The operation should be undertaken as soon as possible to repair, or to possibly avoid the damage to the articular cartilage.

Treatment principle

The aim of arthroscopic meniscus surgery is to save as much meniscal tissue as possible and to remove only as much as is absolutely necessary.

A torn meniscus or grated part has not only lost its function, but also represents a stimulus factor that can lead to harmful joint effusion, and therefore must be removed.
By a partial meniscectomy the meniscus will be smaller, but retains much of its function, so that the early osteoarthritis (Gelenkabnützung), as was the rule after previously performed total meniscectomy, must not be feared.
If the fracture is close to the joint capsule, i.e. in the well-perfused area, the meniscus may be sewn in young patients arthroscopically and thus saved even entirely, a fact which improves the prognosis for the knee joint again.



Partial meniscectomy:

On the day of surgery, the patient may wake up with a full load. Forearm crutches are needed only in exceptional cases.
After the first day of surgery, intensive physiotherapy and therapeutic exercise is undertaken.
The hospital stay amounts to a few days.
Under ideal conditions, the operation can be performed on an ambulant basis.

Meniscal repair:

This surgery requires immobilization of the knee joint with a removable splint and load removal with two forearm crutches for three weeks.
In the splint isometric strength exercises can be performed.
After four weeks, full weight bearing is allowed, with intensive physiotherapy and therapeutic exercises done.

Some plan designs of the meniscus:

a,b.
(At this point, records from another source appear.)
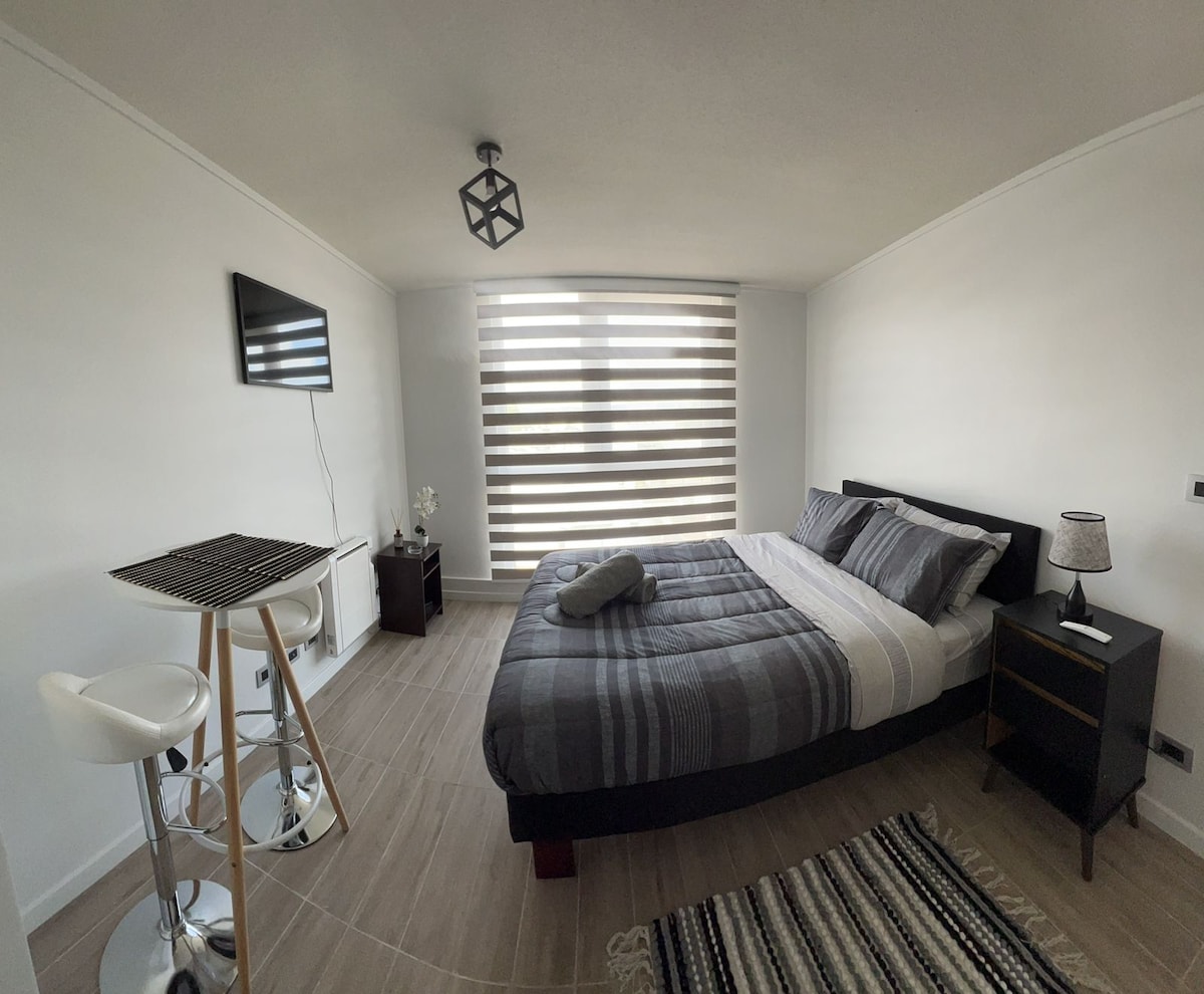 Para uma melhor experiência, recomendamos que você leia com atenção os pontos descritos abaixo: Bem-vindo ao nosso acolhedor estúdio no coração de Valdivia, a poucos passos da praça, dos dois shoppings da cidade, das principais lojas de varejo e dos arredores encantadores. Desfrute da bela orla costeira, a poucos passos de distância. Além disso, você terá tudo o que precisa ao seu alcance: bancos, supermercados, restaurantes, museus, bares e discotecas.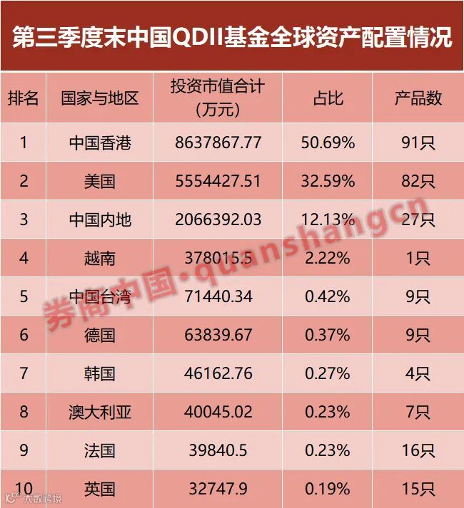截至第三季度末,QDII基金对全球35个地区与国家进行布局,共涉及33个国家。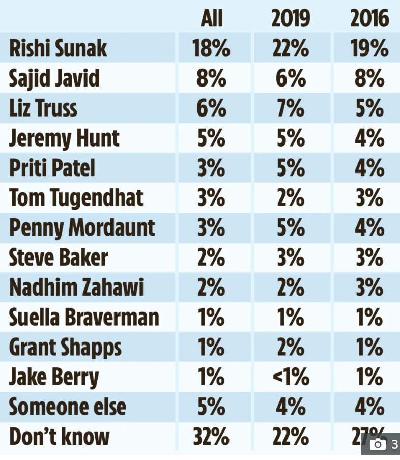 Don't know is the clear winner. As long as Don't Know is not a war-monger prepared to send Britain into economic and military oblivion against Russia (and China and India who are now being described as the new axis of evil forces - you are either against Russia or you are against us rhetoric) and stops sending UK taxpayers billions to Britain's Weapons Industries (with the political classes getting kick backs) to modernize and replace Britain's old Military Equipment while sending all the old military equipment to Ukraine to be sold on the black market, then I will be giving my vote to Don't Know.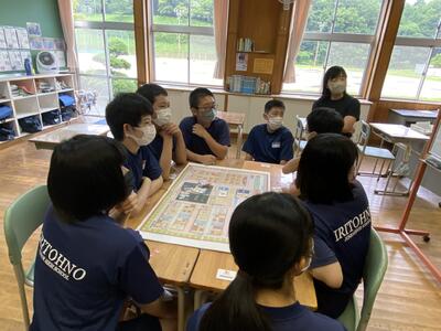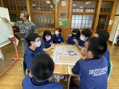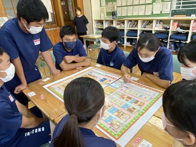 午後は、縦割り4グループによる避難所運営ゲーム【HUGゲーム】を行いました。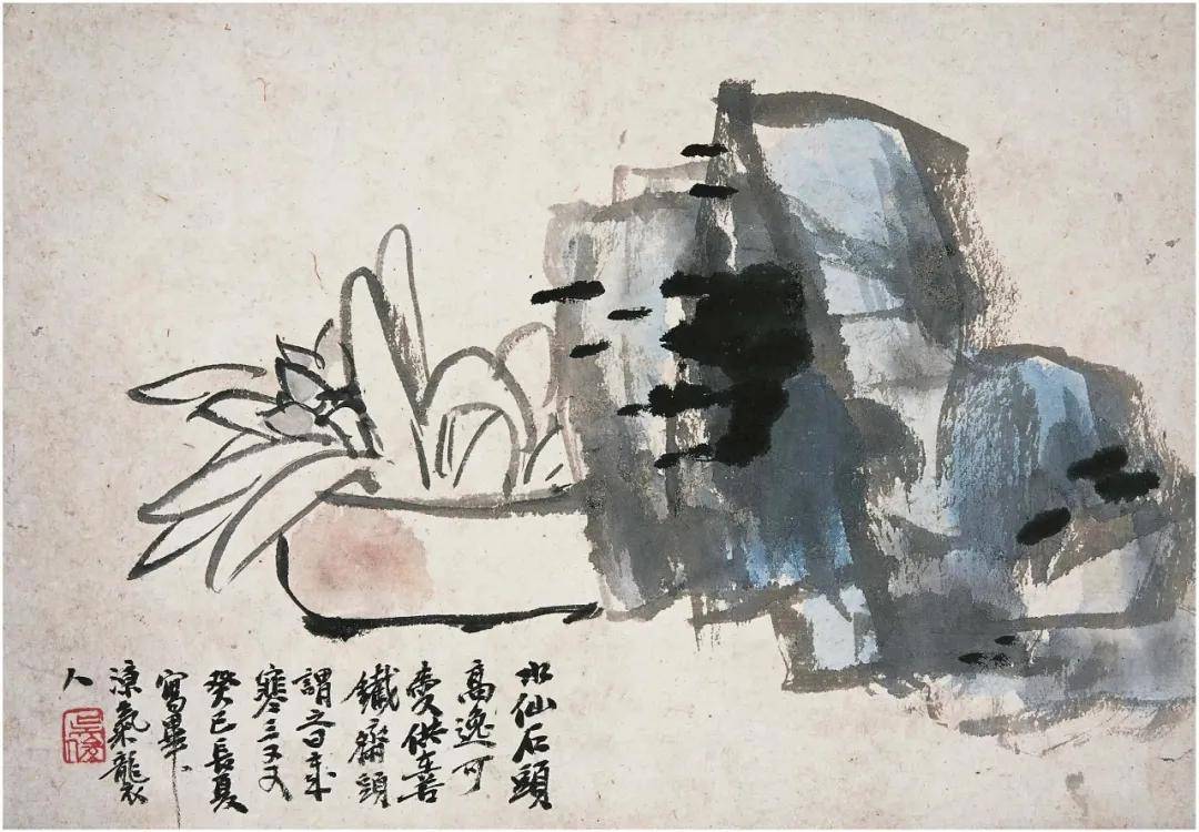 运笔生辣,行枝钩石,偶得篆琉生意。昔人论陋轩诗云,金石气兼桂气,此语当移赠此画。——题《牡丹水仙图》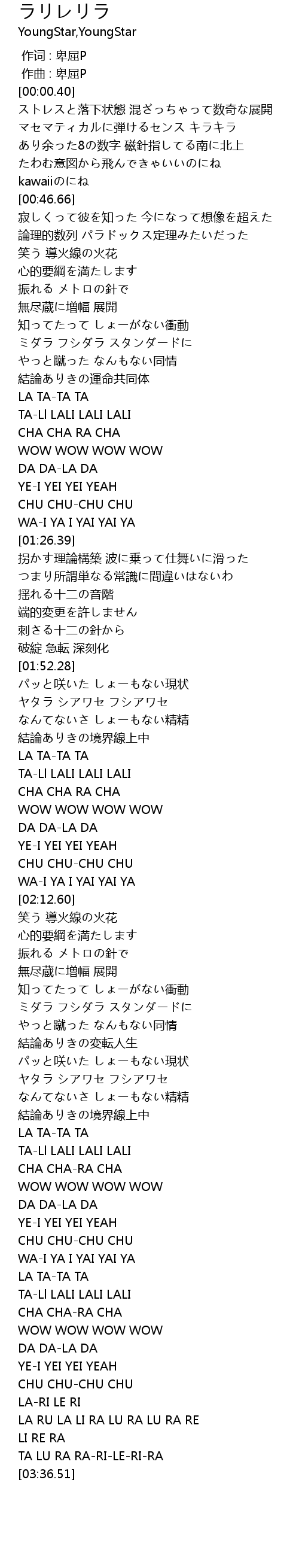 | [03:21.74] | WAI YA I YAI YAI YA |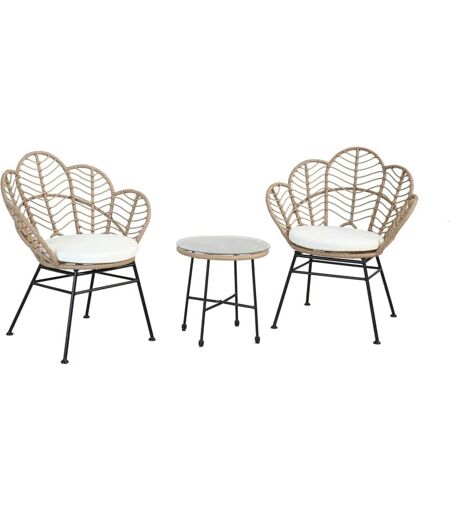 Struttura in acciaio verniciato nero, seduta in polyrattan color naturale completa di cuscini di colore bianco. Tavolino tondo con top in vetro temperato spessore 5 mm. Il set è composto da un tavolo (h45x45x45 cm) e due sedie (h86x64x74 cm) ed è contenuto in un unico cartone. ...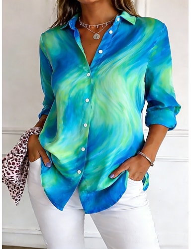 Mulheres Camisa Social camisa de botão Camisa casual camisa de praia Imprimir Gráfico à moda Clássico Casual Manga Longa Colarinho de Camisa Tops regulares Diário Feriado Para Noite Azul Preto Rosa

Longitudinal tear
c Cartilage tear
d basket-handle tear luxated,
e, f, g. cloth cracks
h Radial tear
i Near joint capsule tear
i suitable for a meniscal repair

a to h are treated by partial removal

Ability to work

Partial meniscectomy:

in the case of office work after a few days
heavy physical labor after about two to four weeks

Meniscal suture:

office work after about two to three weeks
heavy physical labor after about six to eight weeks


Sports Ability

Sports can be resumed, in the absence of additional injuries to articular cartilage, and depending on the age, muscle performance and sport as follows: In the case of partial meniscectomy after two to three weeks, in the case of meniscal repair after about two to three months.


In partial meniscus removal without significant damage to the articular cartilage (stage I and II, see below), good results can be expected in 98 percent of cases. The introduction of high-frequency surgery succeeded in improving the success rate. In the case of meniscal sutures, about 92 percent of the cases are getting good results.

Patients with severe cartilage damage can demonstrate a poorer success rate, however, this is independent of the meniscus surgery.


In about 5 percent of cases postoperative joint effusions occur, that do indeed need an aspiration, but do not adversely affect the end result.
Other complications occur in the following percentages:
Infections in 0.08 percent, thrombosis in 1.6 percent, pulmonary embolism in 0.02 percent of the cases.
In 10 percent of meniscal suture cases sensory disturbances occur below the knee joint, which disappear usually after one to two years.